Emergent Urbanism, or "Bottom Up Planning" - City of Sound

‘Renew Newcastle’

The city of Newcastle, NSW is the largest coal port in the world. Yet as the harbour has essentially become a giant open mouth belching coal to China, and people and other business have drifted to the suburbs (an over-simplification, but …), the historic core of the city has hollowed out, leaving numerous vacant buildings. Heading into the heart of all this, the Renew Newcastle project enabled small businesses, artists, entrepreneurs and various creatives to find a temporary home in these largely unoccupied city centre spaces. By liaising with the building owners, the project found a way of offering super-short-term leases at peppercorn rents in all kinds of pretty vacant spaces. They overlaid a free wi-fi network, enabling basic connectivity, and offered a few other basic amenities. The smart trick of the rolling 30-day lease gave start-ups a contract they could afford to get into, and landlords a secure way of getting them out of it should a better offer arise. Simple.

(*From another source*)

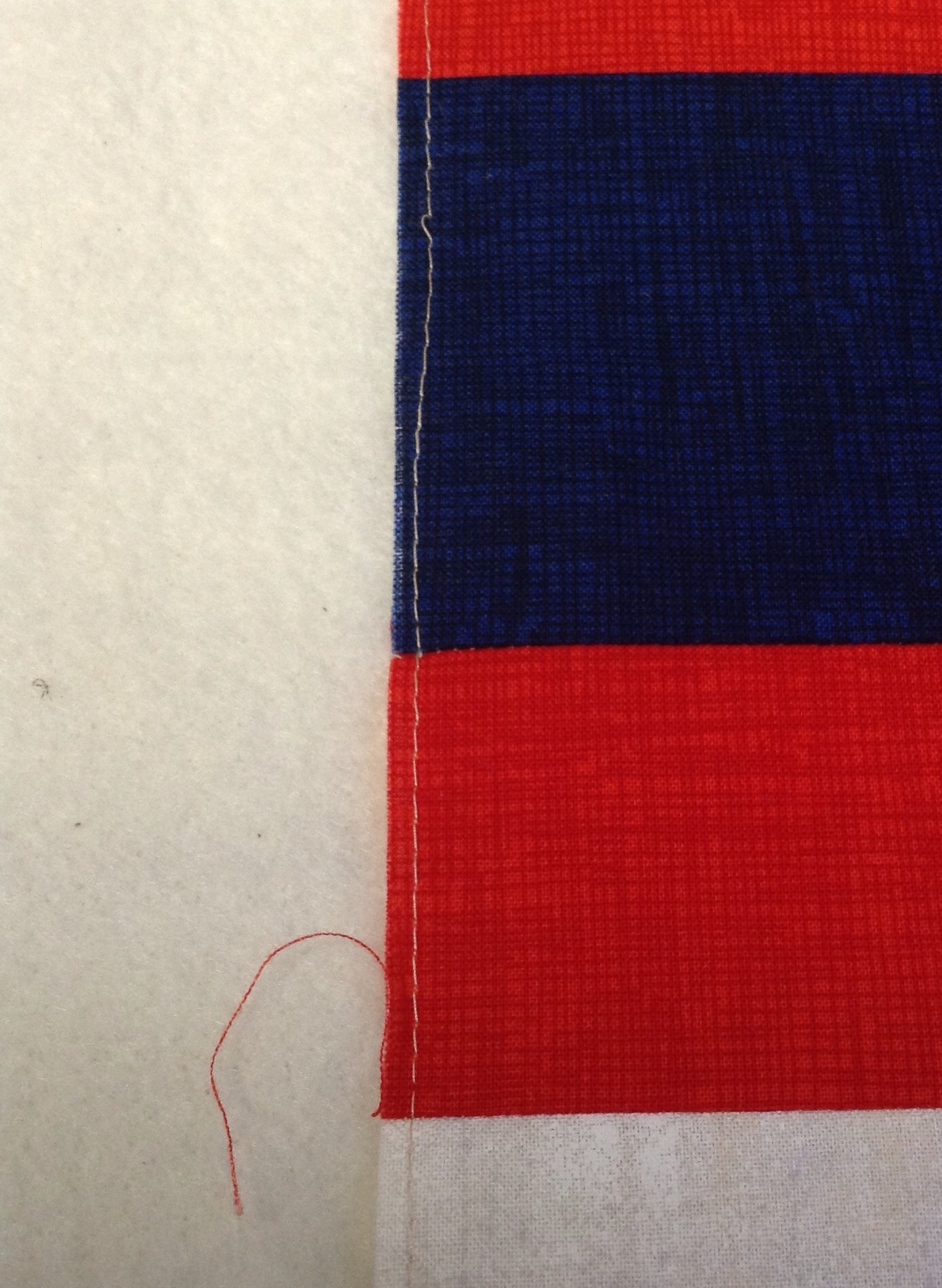 See the line of stitching? She stay stitched all around the edge of her top. This is really important with tops that do not have borders. It means that I don’t have to worry about any seams coming apart while quilting her top. This isn’t a must do step with a quilt that has solid borders, but it really helps if you secure the ends of your seams.

The project has been achieved without any meaningful funding at all (though funding came later - see comment from Marcus below). As a result, the almost derelict city centre is being used again, and the spaces are rapidly being reconfigured, becoming increasingly active, safe, productive.

Emergent Urbanism

Bottom-up implies a more sophisticated engagement with citizens, and from citizens. Genuine engagement in urban development is beyond manipulating dynamic viewsheds, browsing local census data, and poring over a developer’s financial projections. It means opening up the question of what the city is for to its citizens. It means putting many of the tools for design into the hands of citizens, to construct their own everyday city.